-- Data shown follows --
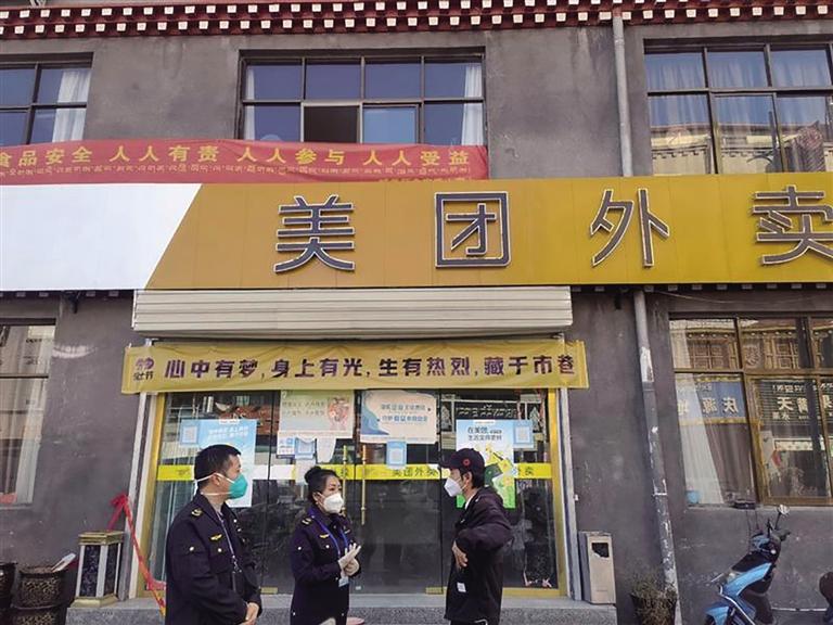 拉薩市市場監(jiān)管局對美團拉薩分公司進行現(xiàn)場指導。圖由 拉薩市市場監(jiān)管局 提供
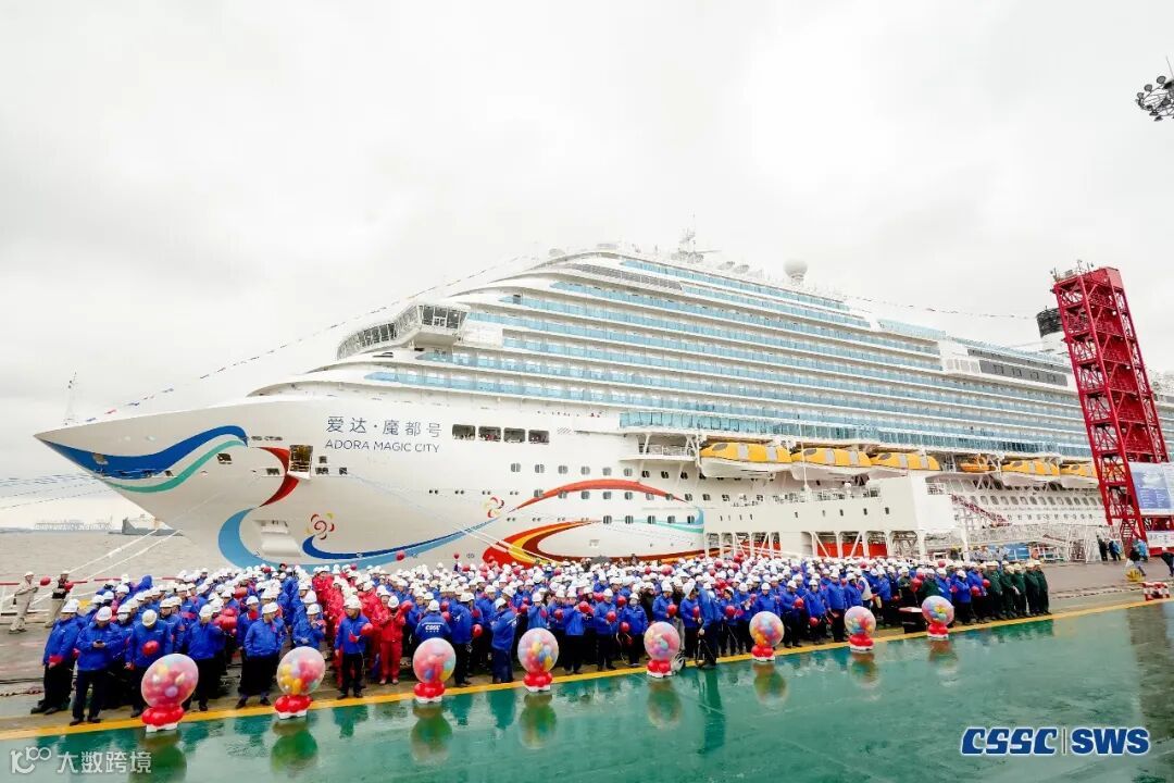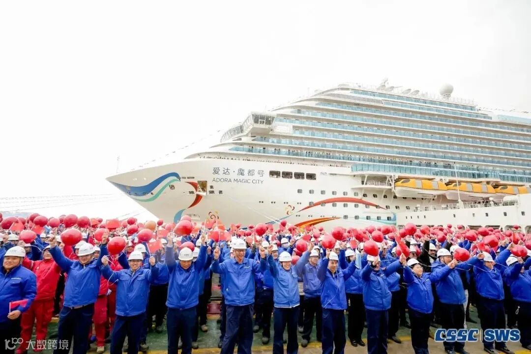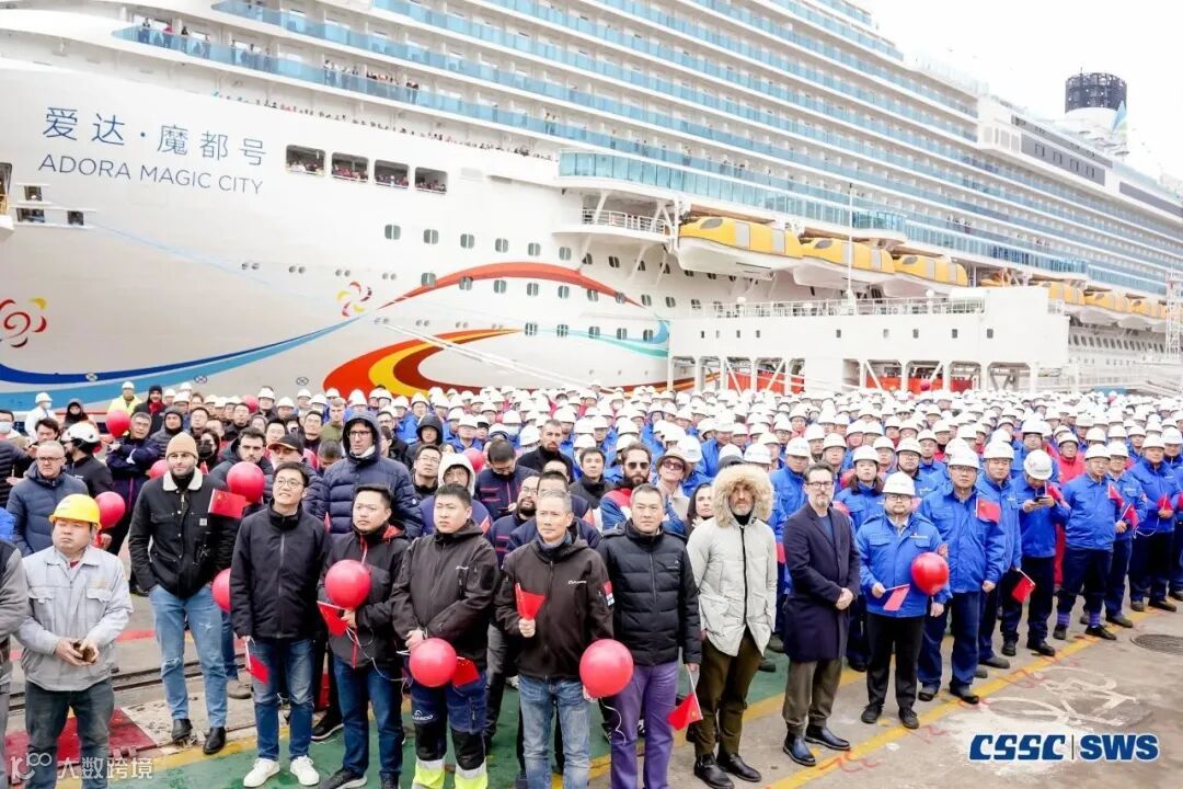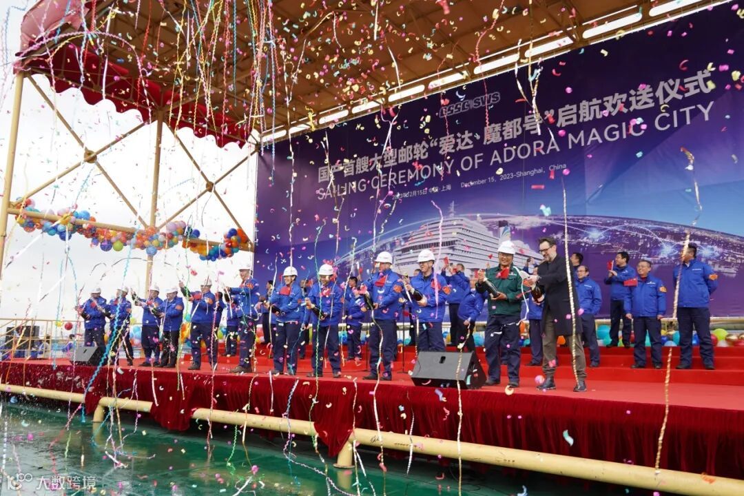 12月15日下午,外高桥造船的员工们欢聚一堂,怀着无比激动的心情为“爱达·魔都号”举行了启航欢送仪式,邮轮正式移交运营方,开启全新的商业旅途。
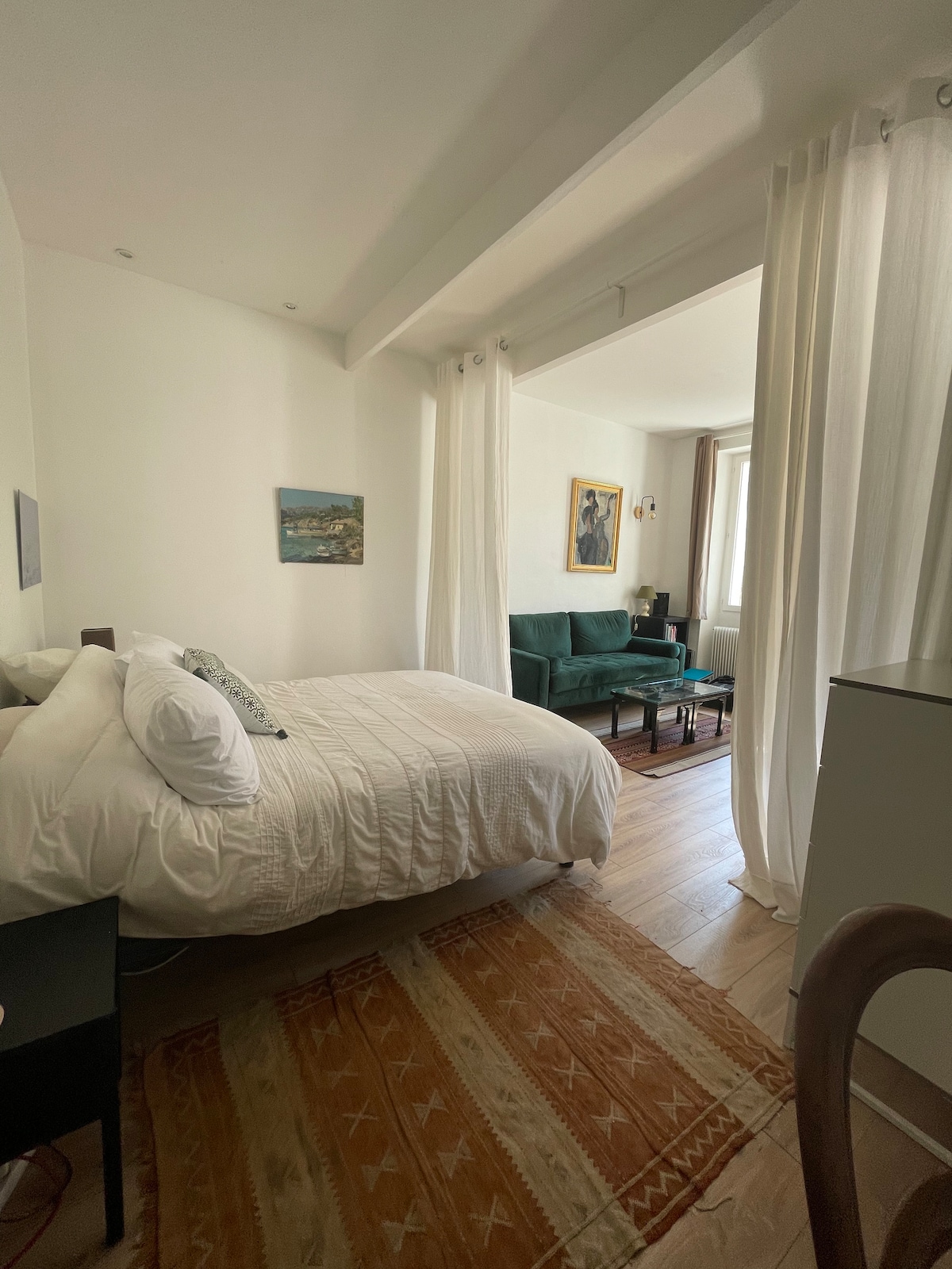 Լուսավոր և էլեգանտ կացարան Մարսելի մեջտեղում ։ Վերանորոգվել է մեծ խնամքով, Մարսիլիայի հմայքով և հարմարավետ տան արդիականությամբ ։ Գտնվում է Սեն - Շարլ երկաթուղային կայարանից և Place Reformés - Canebière - ից 5 րոպեից պակաս հեռավորության վրա ՝ իր իսկական շուկայով, բազմաթիվ խանութներով և շատ լավ ռեստորաններով: Իդեալական տեղակայված է ամբողջ Մարսելում և շրջակայքով փայլելու համար ։ Զուսպ փողոցում, չորրորդ հարկում, առանց վերելակի, դուք հանգիստ կլինեք իր արևոտ պատշգամբով:
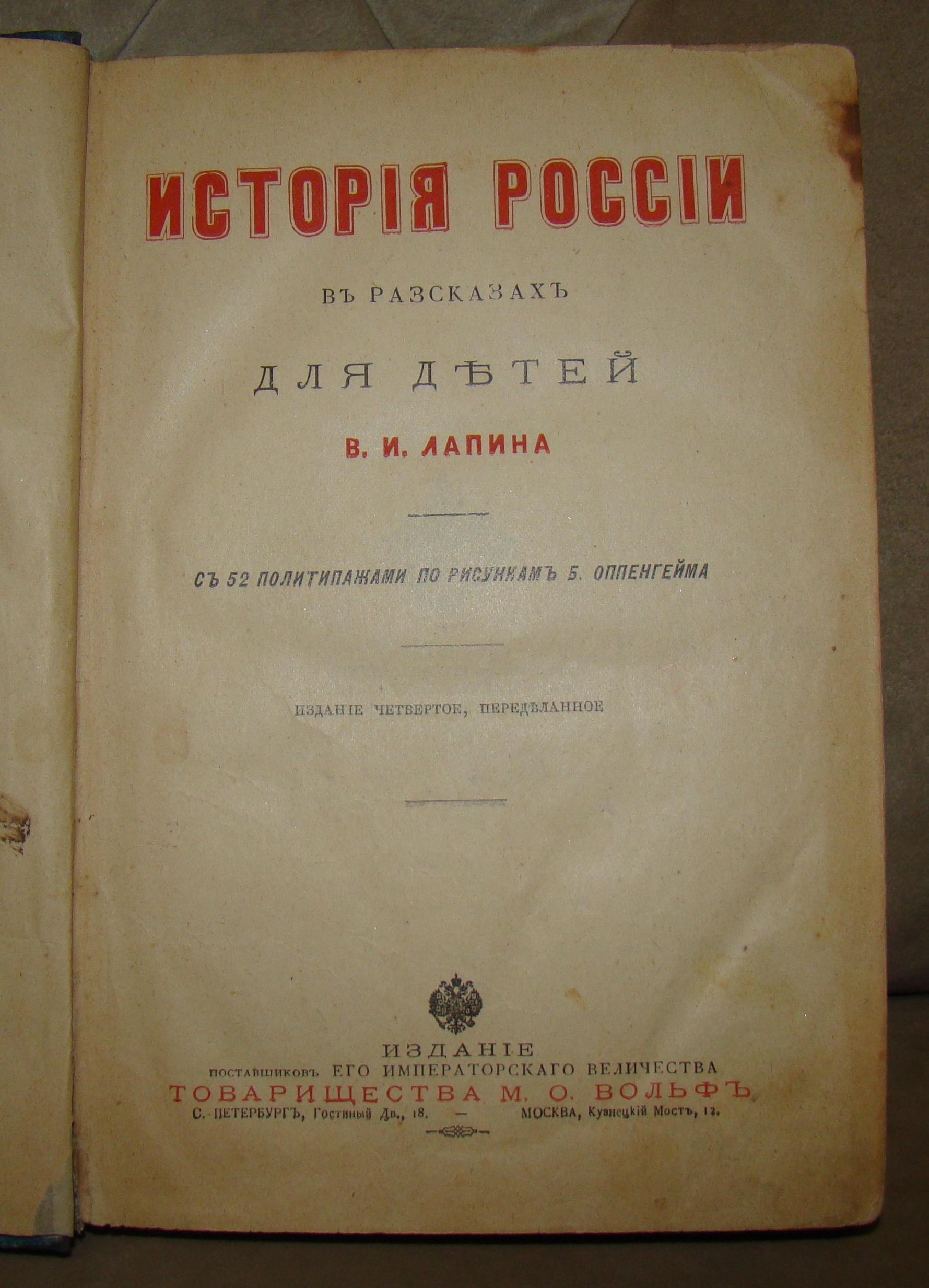 История России в рассказах для детей. 1899 год, издание М. О. Вольфа, Санкт-Петербург - Москва. Иллюстрированное издание с 52 политипажами по рисункам Б. Оппенгейма. Родной типографский переплет с золотым тиснением. Комплектный экземпляр, сохранность хорошая. Блок держится крепчайше, присутствуют временные пятна.
-- Data shown concluded --
*To do*. The whole listing above, line by line, needs to be copied exactly, except for any images.

*Response to this task*.
 拉薩市市場監(jiān)管局對美團拉薩分公司進行現(xiàn)場指導。圖由 拉薩市市場監(jiān)管局 提供
 12月15日下午,外高桥造船的员工们欢聚一堂,怀着无比激动的心情为“爱达·魔都号”举行了启航欢送仪式,邮轮正式移交运营方,开启全新的商业旅途。
 Լուսավոր և էլեգանտ կացարան Մարսելի մեջտեղում ։ Վերանորոգվել է մեծ խնամքով, Մարսիլիայի հմայքով և հարմարավետ տան արդիականությամբ ։ Գտնվում է Սեն - Շարլ երկաթուղային կայարանից և Place Reformés - Canebière - ից 5 րոպեից պակաս հեռավորության վրա ՝ իր իսկական շուկայով, բազմաթիվ խանութներով և շատ լավ ռեստորաններով: Իդեալական տեղակայված է ամբողջ Մարսելում և շրջակայքով փայլելու համար ։ Զուսպ փողոցում, չորրորդ հարկում, առանց վերելակի, դուք հանգիստ կլինեք իր արևոտ պատշգամբով:
 История России в рассказах для детей. 1899 год, издание М. О. Вольфа, Санкт-Петербург - Москва. Иллюстрированное издание с 52 политипажами по рисункам Б. Оппенгейма. Родной типографский переплет с золотым тиснением. Комплектный экземпляр, сохранность хорошая. Блок держится крепчайше, присутствуют временные пятна.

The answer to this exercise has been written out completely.